Orio, Bolgheri Doc 2021, è in assoluto il più venduto. Con questo vino si entra nel disciplinare Bolgheri, ribilanciando le sorti aziendali, come ci dice lo stesso Alessandro. Il colore è rosso granato, al naso fresco, con una ventata di terrosità, diritto, punta ad un tannino crescente, e il finale ammicca all’amaricante. Vino polposo, dalla fragrante acidità sensoriale, la tipica nota di peperone verde che confluisce in una sensazione vivace di pepe nero. Da uve Cabnernet Franc, Merlot e Syrah, su terreni ricchi di scheletro e molto illuminati, fermenta in acciaio inox con malolattica in corso di fermentazione, affina 12 mesi in tonneau, e fa ulteriore affinamento in bottiglia per 6 mesi. Vino complesso, ricco di sentori, inebriante. Un capolavoro grazie a uve sane e di grande equilibrio.

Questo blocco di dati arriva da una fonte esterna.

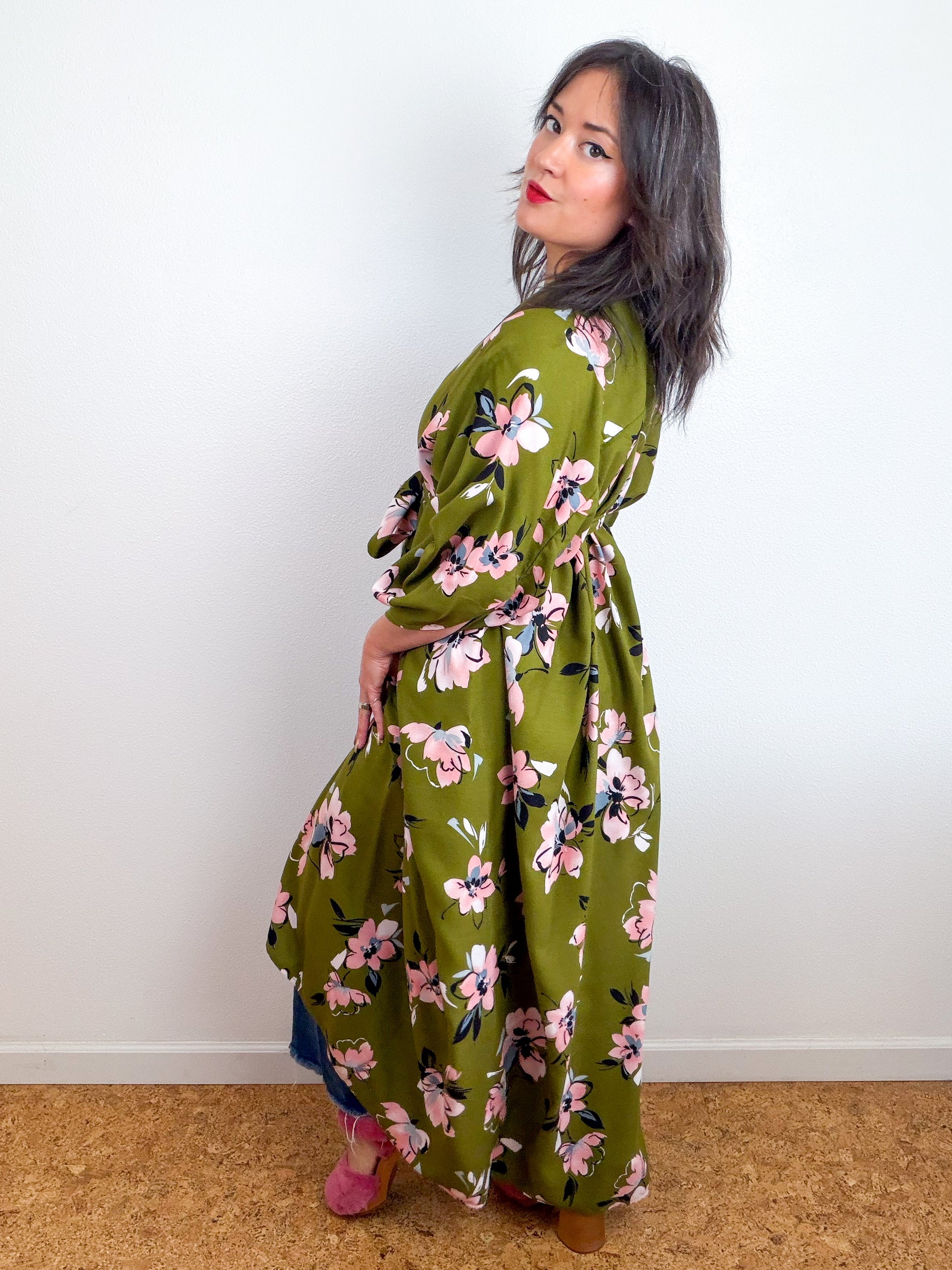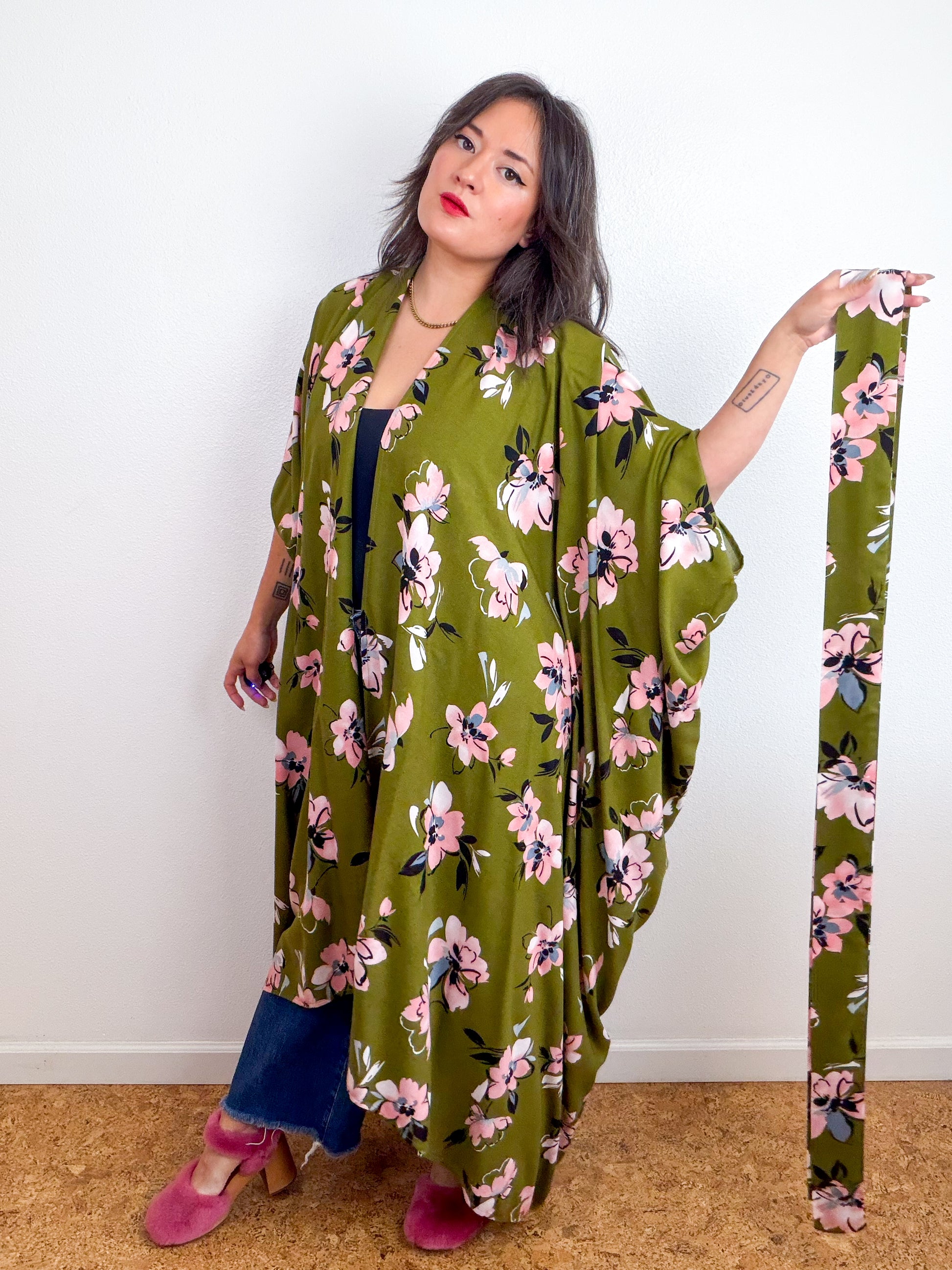 Light and airy kimono with a flowing silhouette, selvage sleeve detail, curved high low hem and optional waist tie. Versatile shape can be styled as a wrap dress, lightweight jacket over jeans, swimsuit coverup, or an elegant robe over lingerie. The minimalist design created from a full rectangle of fabric drapes beautifully over the shoulders and produces little to no material waste by utilizing one whole piece of fabric without scraps from corners and irregular cuts. Olive green floral print rayon challis fabric with a silky smooth surface.

Non vorremo tediarvi ma l’azienda merita il suo giusto spazio; quindi, vi andremo a raccontare il Bolgheri Superiore Doc, 2020, Cabernet Franc e Pugnitello. Condotte ad alberello per la particolare esposizione molto soleggiata, il vento a pulire e di fronte il mare. Definita viticoltura eroica per l’utilizzo del cavallo per l’erpicatura. La fermentazione avviene in acciaio con macerazione sulle bucce per 50. Affinamento in barrique e in anfore di impasto ceramico. Qui il Cabernet esce un po’ dai soliti schemi, l’ampiezza aromatica ci conquista immediatamente. Rosso rubino intenso, al naso rotondo, fruttato, note di humus e violetta, in bocca persistente, asciutto e verticale.
Somatico, Pugnitello Igt Toscana, coraggiosamente prodotto in purezza, una varietà che è stata reintrodotta nell’85, per anni è stato confuso con il Montepulciano d’Abruzzo, poi si è scoperto che per un solo gene da esso si differenzia. Un vino molto colorato, allappante, disvela una materia evolutiva piacevole. Ha bisogno di tempo per evolvere ed esprimersi con autenticità ma per ora promette bene.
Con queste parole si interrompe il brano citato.